A Home-Grown Victory in the Capital
In the luminous halls of central Brazzaville, the air was pierced by applause as Roger Mankindou, Miveck Rhignanga, Lutther Mabiala, Davy Madassou and Amadou Samanke lifted the inaugural trophy of the Lissolo Challenge. The five teammates, competing under the banner “Winner Premier”, each walked away with 50,000 FCFA, a modest sum in accounting terms yet a powerful symbol of the country’s nascent creative economy. Their success was not achieved on a football pitch but around a board that maps the Republic of Congo in all its linguistic, ethnographic and economic contours: Lissolo 2.0.
“If our youth wish to learn the nation’s history, they can simply sit at the table and play,” urged team captain Roger Mankindou immediately after the final round. His call resonated through a youthful audience that oscillated between e-sports and smartphone apps yet paused, on this occasion, to embrace an analogue adventure conceived and produced on Congolese soil.
Lissolo 2.0: From Family Table to Cultural Catalyst
Designer Kris Brochec, who also curated the broader ‘Lissolo Days’, described the project as “a collaborative, participatory family adventure that forges community.” In her view, the game performs a dual function: entertainment and transmission of heritage. Players travel symbolically from the rainforests of the Sangha to the vibrant markets of Pointe-Noire, answering questions or performing tasks that unlock layers of collective memory.
Project manager Hugues Wilson contextualised the mechanics: by weaving geography, proverbs, milestones of political history and snapshots of today’s socio-economic landscape, Lissolo 2.0 animates the classroom without feeling pedagogical. The Challenge, Wilson added, was envisioned as an intergenerational bridge where grandparents, parents and adolescents negotiate strategy together, thereby normalising dialogue that often struggles to cross age boundaries.

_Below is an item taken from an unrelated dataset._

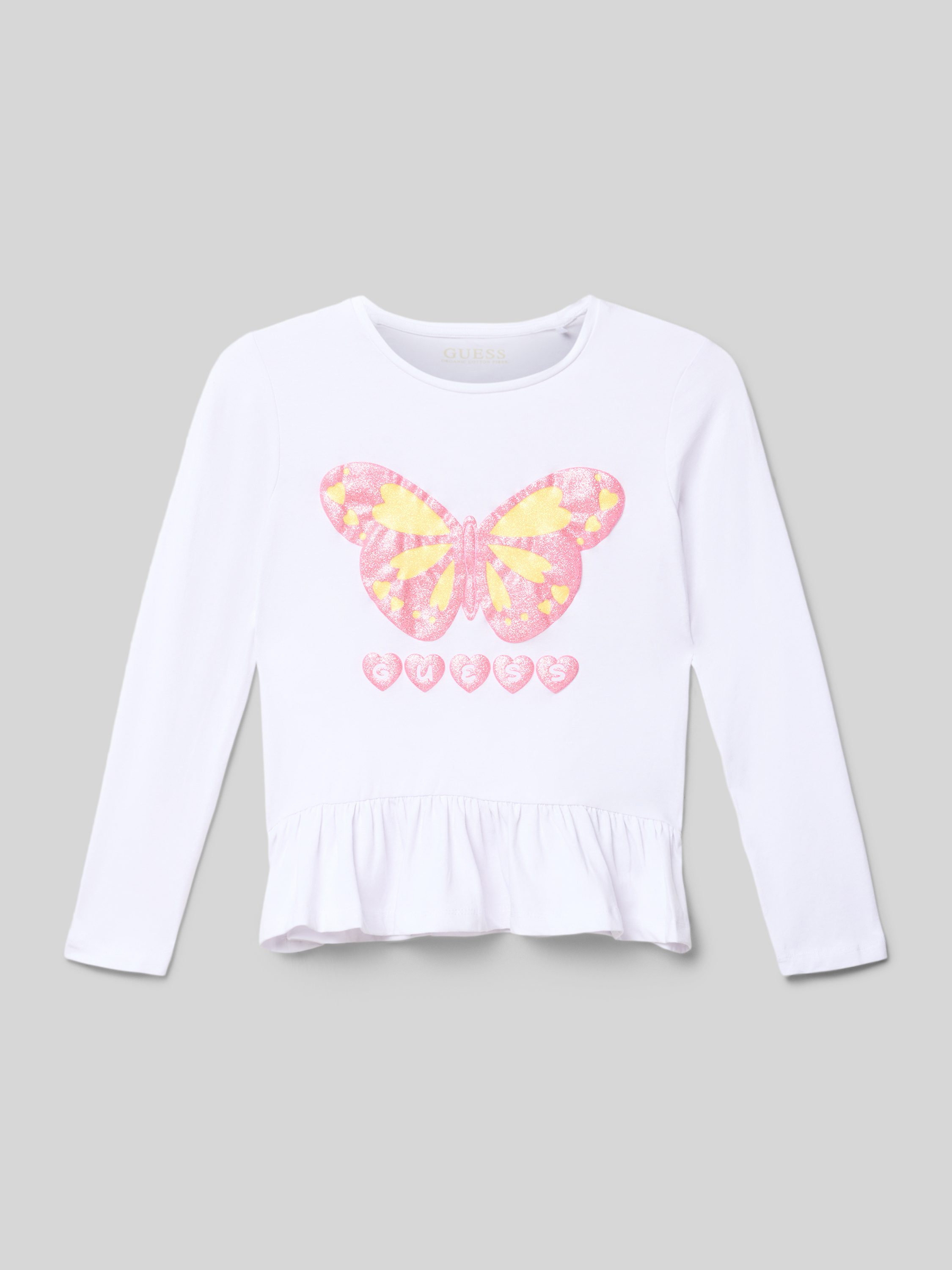 Das Guess Longsleeve für Kinder kombiniert einen angenehmen Baumwoll-Mix mit einem Regular Fit, der sich ideal für den Alltag eignet. Der Glitzer- und Logo-Print sorgt für ein verspieltes Design, während Rüschen am Saum einen charmanten Akzent setzen. Langärmlig und mit Rundhalsausschnitt ausgestattet, bietet es Komfort und Stil.

Creative Industries and the Promise of Local Content
The Ministry of Culture has repeatedly underscored the strategic value of Congolese intellectual property in diversifying an economy historically reliant on hydrocarbons. While no official partnership was announced at this first edition, the presence of ministry observers hinted at a broader policy horizon in which home-grown content such as Lissolo 2.0 could seek fiscal incentives and export corridors within the Central African Economic and Monetary Community.
Economic stakes extend beyond retail sales. Graphic designers, printers, community managers and event planners assembled for the Challenge, providing a tangible illustration of a value chain that keeps revenue circulating locally. For urban youth facing high under-employment, such micro-industries can represent an accessible entry point into entrepreneurship.

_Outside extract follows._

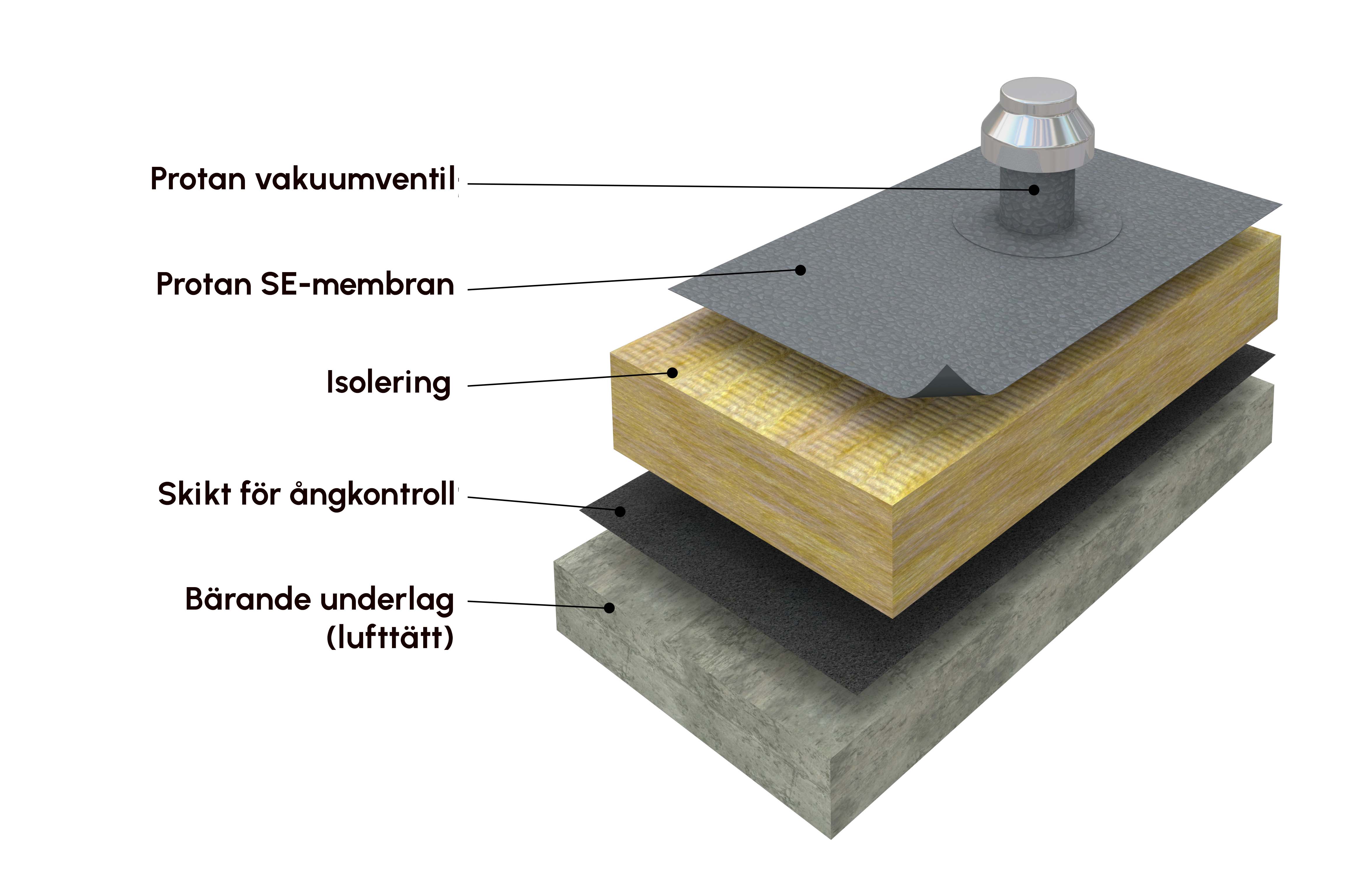 Ett Protan-godkänt, brännbart, bituminöst ångkontrollskikt installeras över det lufttäta strukturella takdäcket, följt av Protan-godkänd isolering och Protan SE- eller EX-monolagsmembran.

Pedagogy, Compliance and Intellectual Property
The educational dimension raises legal questions that the organisers addressed proactively. All historical facts embedded in the game were vetted against publicly available curricula to avoid defamation or politically sensitive inaccuracies. Moreover, trademark registration of “Lissolo” at the African Intellectual Property Organisation safeguards the brand while encouraging responsible franchising.
Local jurists consulted during the preparatory phase emphasised the importance of compliance with the regional competition framework, notably Article 37 of the CEMAC Competition Code, which prevents the abuse of a dominant position in cultural markets. By opening tournament slots to independent teams, the organisers demonstrated an early commitment to transparent governance.
Soft Power and the Road Ahead
Congo-Brazzaville has long projected its cultural identity through music and literature; a board game may appear modest by comparison. Yet the resonant success of the Lissolo Challenge suggests a new vector of soft power situated at the crossroads of ludic design and public diplomacy. Plans are already being sketched for a sub-regional circuit that could take the competition to Yaoundé, Libreville and Bangui, carrying with it an image of Congolese creativity nourished, not diminished, by digital modernity.
For the five champions, the immediate future involves mentoring secondary-school clubs eager to master the Lissolo strategy. For the wider community, the event stands as a reminder that cultural innovation need not rely exclusively on imported formats. In revisiting local narratives with contemporary flair, Lissolo 2.0 positions leisure as a civic act: to play, in this context, is also to remember, to learn and to belong.